The least mean squares (LMS) cost function is defined as follows
$$J(\overrightarrow{w},b) = J(w_1, w_2, \dots, w_n, b) = \frac{1}{2m}\sum_{i=1}^m (\hat{y}^{(i)} - y^{(i)})^2 \tag{7}$$
$$J(\overrightarrow{w},b) = \frac{1}{2m}\sum_{i=1}^m (f_{\overrightarrow{w},b}(\overrightarrow{x}^{(i)}) - y^{(i)})^2 \tag{8}$$
$$J(\overrightarrow{w},b) = \frac{1}{2m} \sum_{i=1}^m (w_1 x_1^{(i)} + w_2 x_2^{(i)} + \dots + w_n x_n^{(i)} + b - y ^ {(i)})^2 \tag{9}$$
So we get that
$$J(\overrightarrow{w},b) = \frac{1}{2m}\sum_{i=1}^m [ (\sum_{j=1}^n w_j \cdot x_j^{(i)}) + b - y^{(i)}]^2 \tag{10}$$
The gradient descent algorithm essentially varies the $w_j$ and $b$ parameters of the model to find the optimal i.e. the minimal value for $J$ (since $J$ is a function of the parameters $b$ and $w_j$, $j=1,2,\dots,n$).
So we compute
$$\frac{\partial{J}}{\partial{w_j}} = \frac{1}{m}\sum_{i=1}^m (f_{\overrightarrow{w},b}(\overrightarrow{x}^{(i)}) - y^{(i)}) \cdot x_j^{(i)} \tag{11}$$
(here $j=1,2,\dots,n$)
and
$$\frac{\partial{J}}{\partial{b}} = \frac{1}{m}\sum_{i=1}^m (f_{\overrightarrow{w},b}(\overrightarrow{x}^{(i)}) - y^{(i)}) \tag{12}$$
Now that we have formulas for these partial derivatives, the gradient descent algorithm for multiple linear regression goes as follows.
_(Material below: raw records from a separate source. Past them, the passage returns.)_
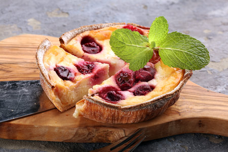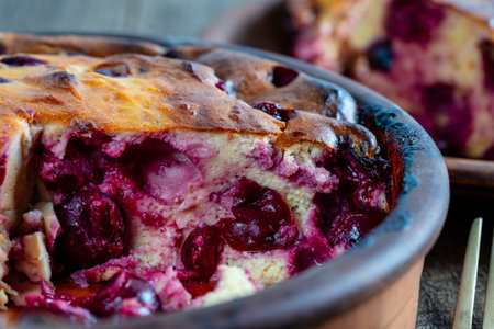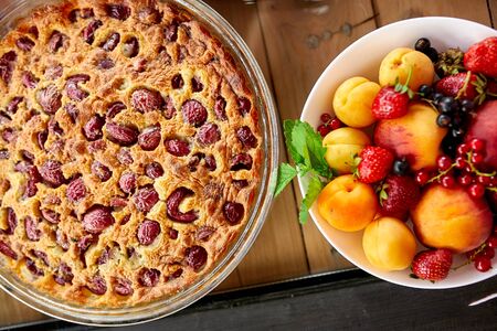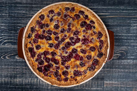Clafoutis with cherry on a wooden background, traditional French sweet fruit dessert.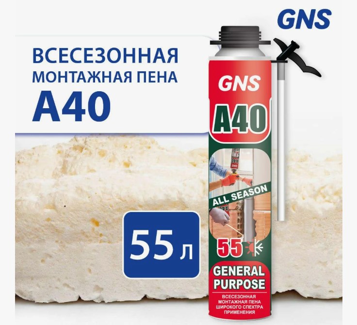 Пена монтажная всесезонная GNS A40 750мл/800г 55л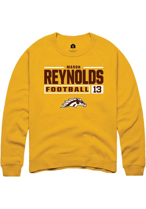 Mason Reynolds Rally Mens Gold Western Michigan Broncos Football NIL Stacked Box Crew Sweatshirt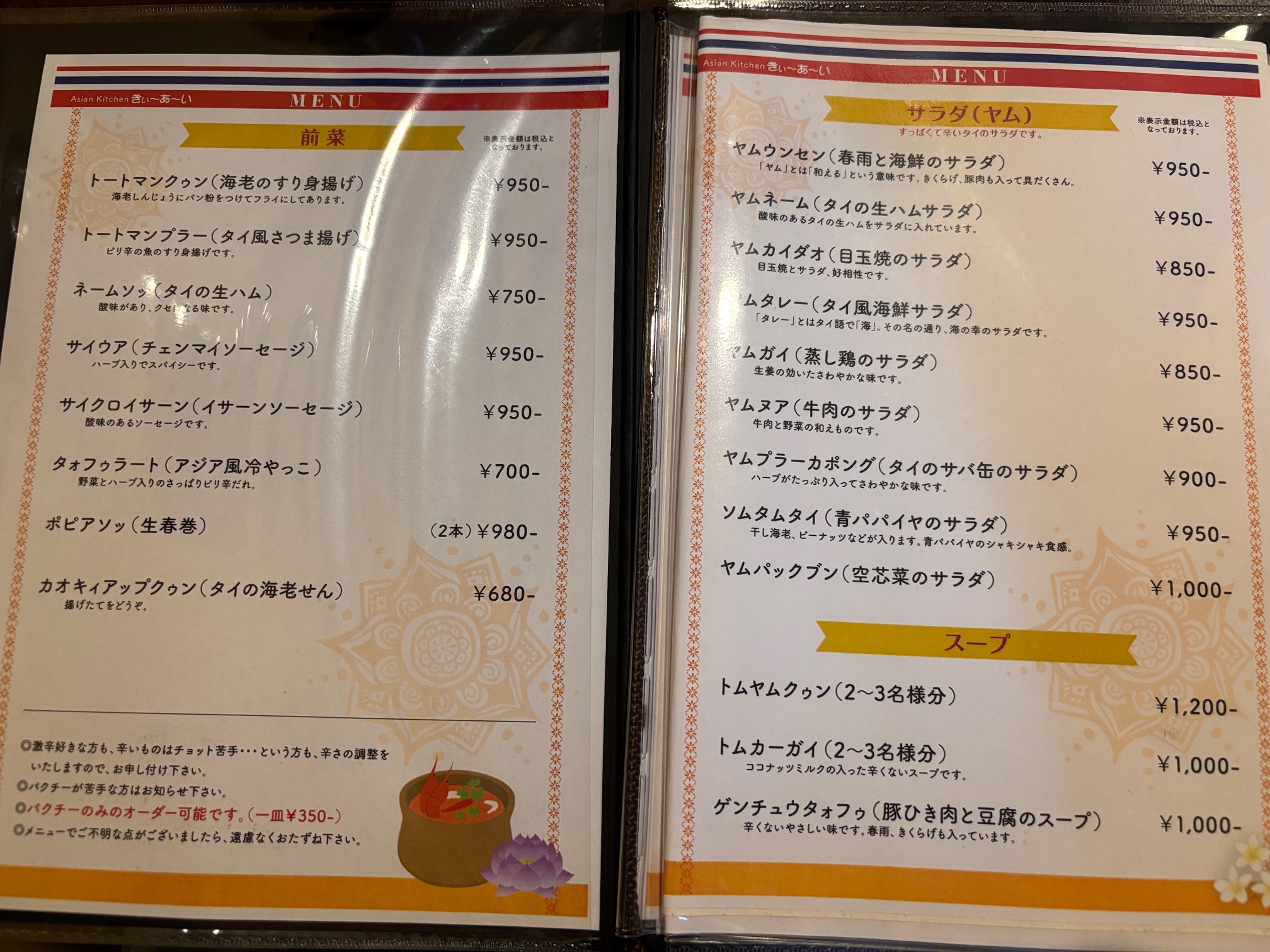※どのセットにもサラダとスープめん(めんのセットには小さいガパオライス)又はデザートが付きます

1. Pick a small positive number $\alpha \gt 0$.
2. Repeat these four actions until convergence
2.1.
$$temporary\_w_{j} = w_{j} - \alpha \cdot \frac{\partial{J}}{\partial{w_j}}$$ for $j=1,2,\dots,n$
(use the partial derivative expression from (11))
2.2.
$$temporary\_b = b - \alpha \cdot \frac{\partial{J}}{\partial{b}}$$
(use the partial derivative expression from (12))
2.3.
$$w_j = temporary\_w_j$$ for $j=1,2,\dots,n$
2.4.
$$b = temporary\_b$$
- The temporary variables here are used to underline the fact that the algorithm is doing a simultaneous update of the (n+1) parameters $w_1, w_2, \dots, w_n, b$. That means we should not change any of the parameters before we have computed the new values for all the parameters.
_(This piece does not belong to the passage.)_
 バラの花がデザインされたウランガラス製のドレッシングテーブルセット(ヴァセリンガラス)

- Convergence means that the values of the (n+1) parameters $w_1, w_2, \dots, w_n, b$ have settled i.e. it means they all change by very little after certain number of iterations (say after K iterations/steps). To detect convergence we can use some sort of threshold e.g. we can assume the algorithm has converged if all parameters change only by less then 0.05% after certain number of iterations/steps.
This completes our description of the gradient descent algorithm for multiple linear regression.